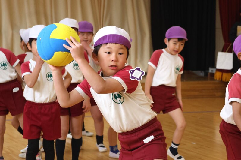 年長さんは、火曜日なので「体操指導」がありました。きょうのテーマは、「ボール投げ」。写真に写っている4つのブロックは、「まと」です。ちなみに、この場面では男子チームと女子チームにわかれて対戦中。「まと」に向かってボールを投げて、みごとブロックが倒れますと1点が与えられます。
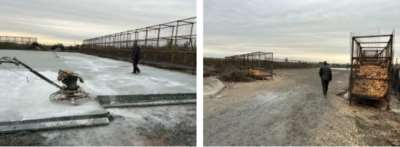 ?(上)陈叔在他宽敞的、新浇了水泥的晾晒场里。(下)晾晒场里的钢管玉米架子。摄:裴丹
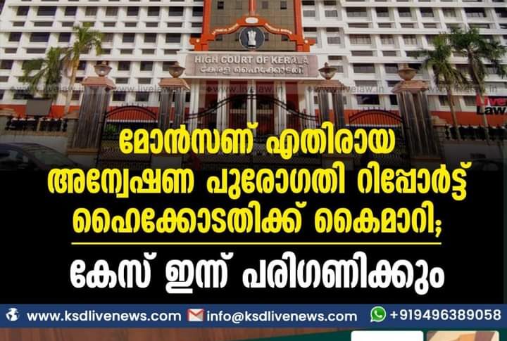 കേരളം മോൻസണ് എതിരായ അന്വേഷണ പുരോഗതി റിപ്പോർട്ട് ഹൈക്കോടതിക്ക് കൈമാറി; കേസ് ഇന്ന് പരിഗണിക്കുംNovember 11, 2021
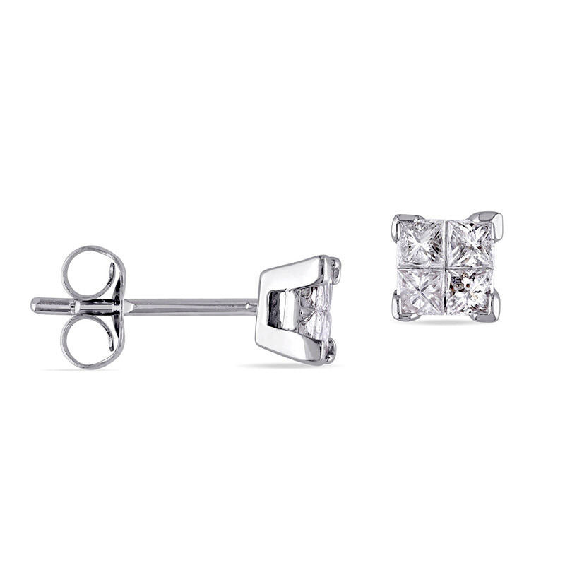 0.5 CT. T.W. Quad Princess-Cut Diamond Stud Earrings in 10K White Gold
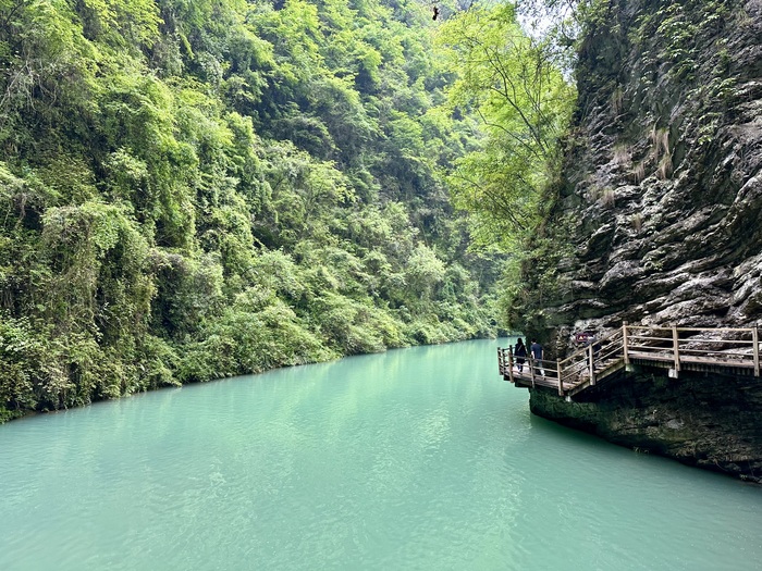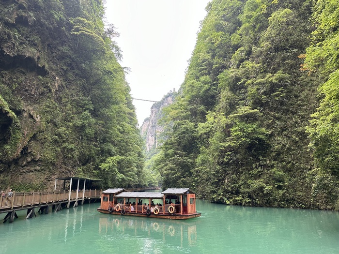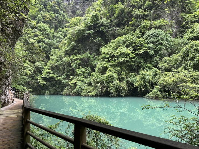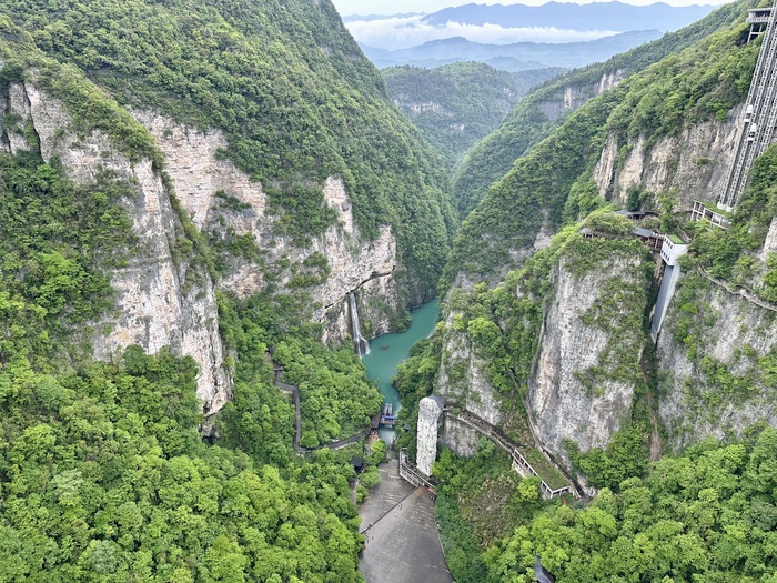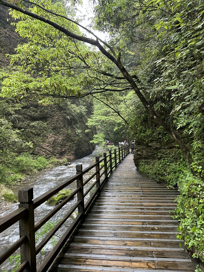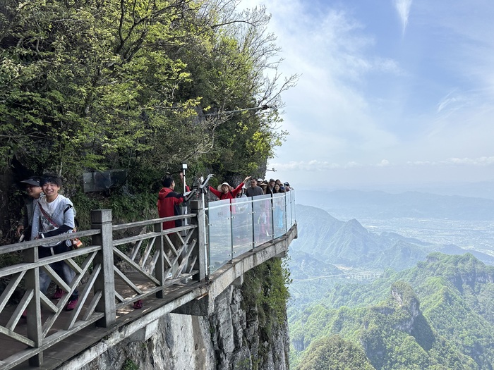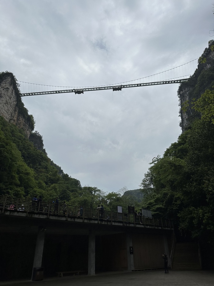 Там находится ущелье, петляющее вдоль долины реки. Через него провели стеклянный мост. Китайцы говорят, что это самый длинный и высокий стеклянный мост в мире - 430 м длиной, 6 м шириной и на высоте 300 м над пропастью ущелья.
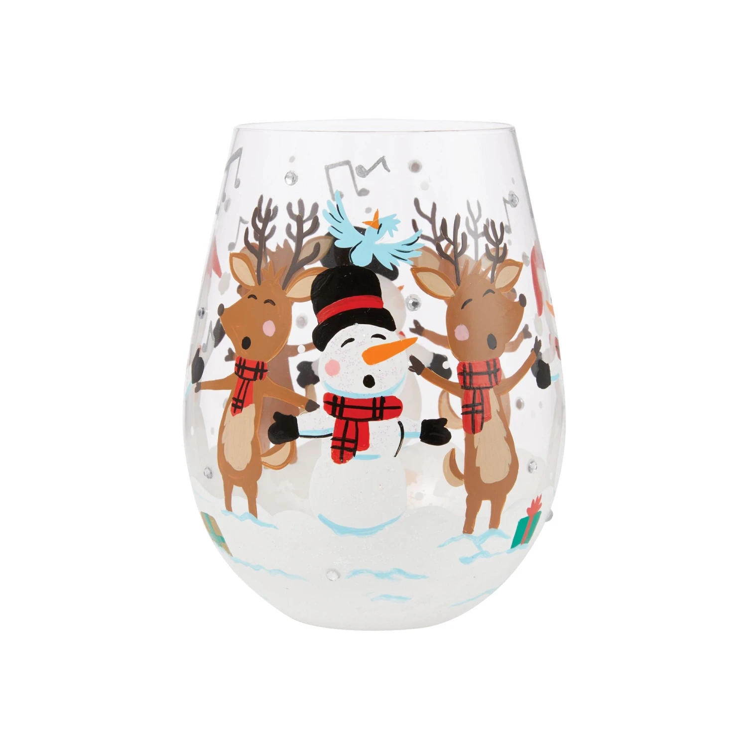 This cheerful stemless wine glass from Lolita shares a scene of Christmas spirit. In matching red plaid scarves, snowmen and reindeer stand together in song. Caroling with gusto and grace, the rosy cheeked troupe sing amongst crystal snowflakes.
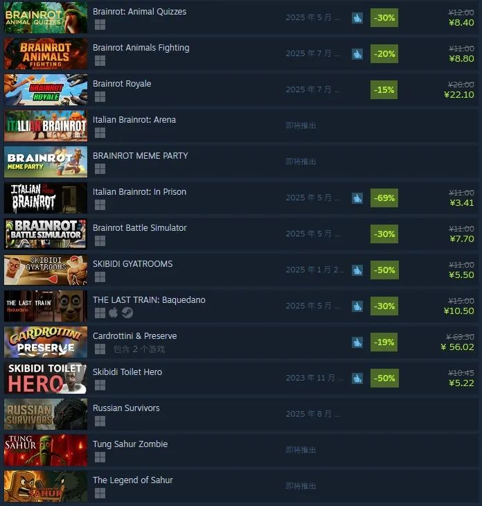 把“腦腐”這個詞輸入到Steam裏,則立馬能蹦出幾十個遊戲。
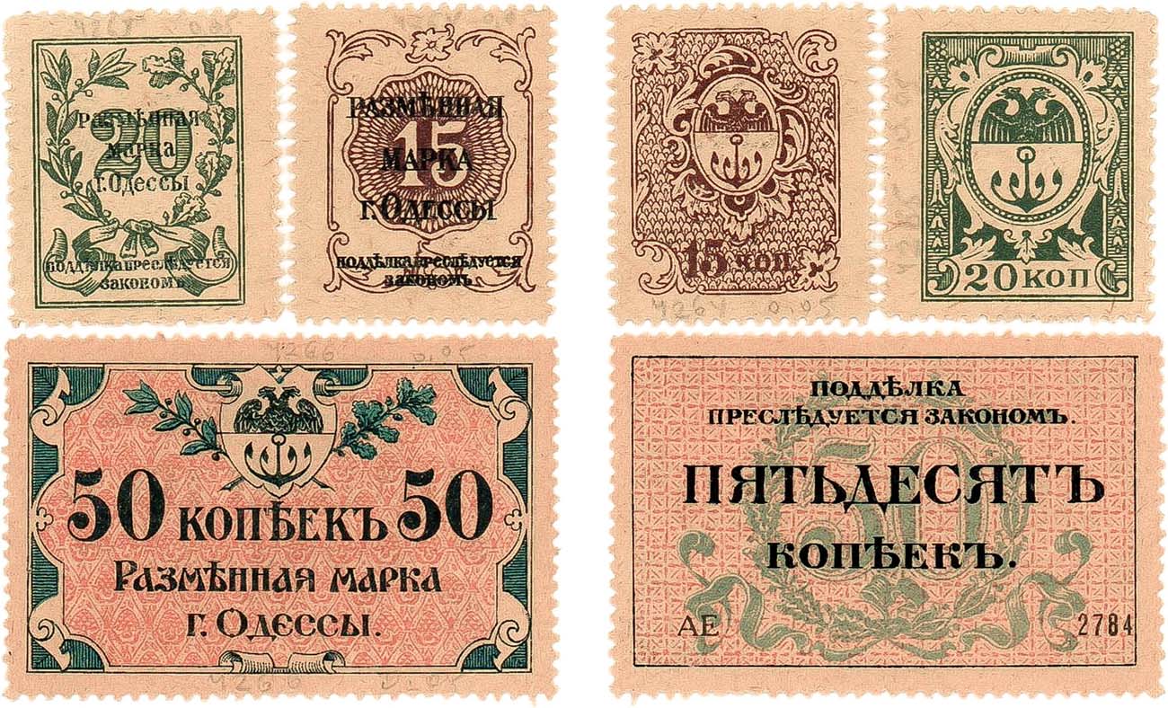 15 копеек 1918 года. Кардаков V.48.5. UNC. 20 копеек 1918 года. Кардаков V.48.6. UNC. 50 копеек 1918 года. Серия АЕ 2784. Кардаков V.48.7. UNC.
=======
§ Problem statement
All of the material must be given again exactly, though no picture may appear in the copy.

§ Response to the exercise
 年長さんは、火曜日なので「体操指導」がありました。きょうのテーマは、「ボール投げ」。写真に写っている4つのブロックは、「まと」です。ちなみに、この場面では男子チームと女子チームにわかれて対戦中。「まと」に向かってボールを投げて、みごとブロックが倒れますと1点が与えられます。
 ?(上)陈叔在他宽敞的、新浇了水泥的晾晒场里。(下)晾晒场里的钢管玉米架子。摄:裴丹
 കേരളം മോൻസണ് എതിരായ അന്വേഷണ പുരോഗതി റിപ്പോർട്ട് ഹൈക്കോടതിക്ക് കൈമാറി; കേസ് ഇന്ന് പരിഗണിക്കുംNovember 11, 2021
 0.5 CT. T.W. Quad Princess-Cut Diamond Stud Earrings in 10K White Gold
 Там находится ущелье, петляющее вдоль долины реки. Через него провели стеклянный мост. Китайцы говорят, что это самый длинный и высокий стеклянный мост в мире - 430 м длиной, 6 м шириной и на высоте 300 м над пропастью ущелья.
 This cheerful stemless wine glass from Lolita shares a scene of Christmas spirit. In matching red plaid scarves, snowmen and reindeer stand together in song. Caroling with gusto and grace, the rosy cheeked troupe sing amongst crystal snowflakes.
 把“腦腐”這個詞輸入到Steam裏,則立馬能蹦出幾十個遊戲。
 15 копеек 1918 года. Кардаков V.48.5. UNC. 20 копеек 1918 года. Кардаков V.48.6. UNC. 50 копеек 1918 года. Серия АЕ 2784. Кардаков V.48.7. UNC.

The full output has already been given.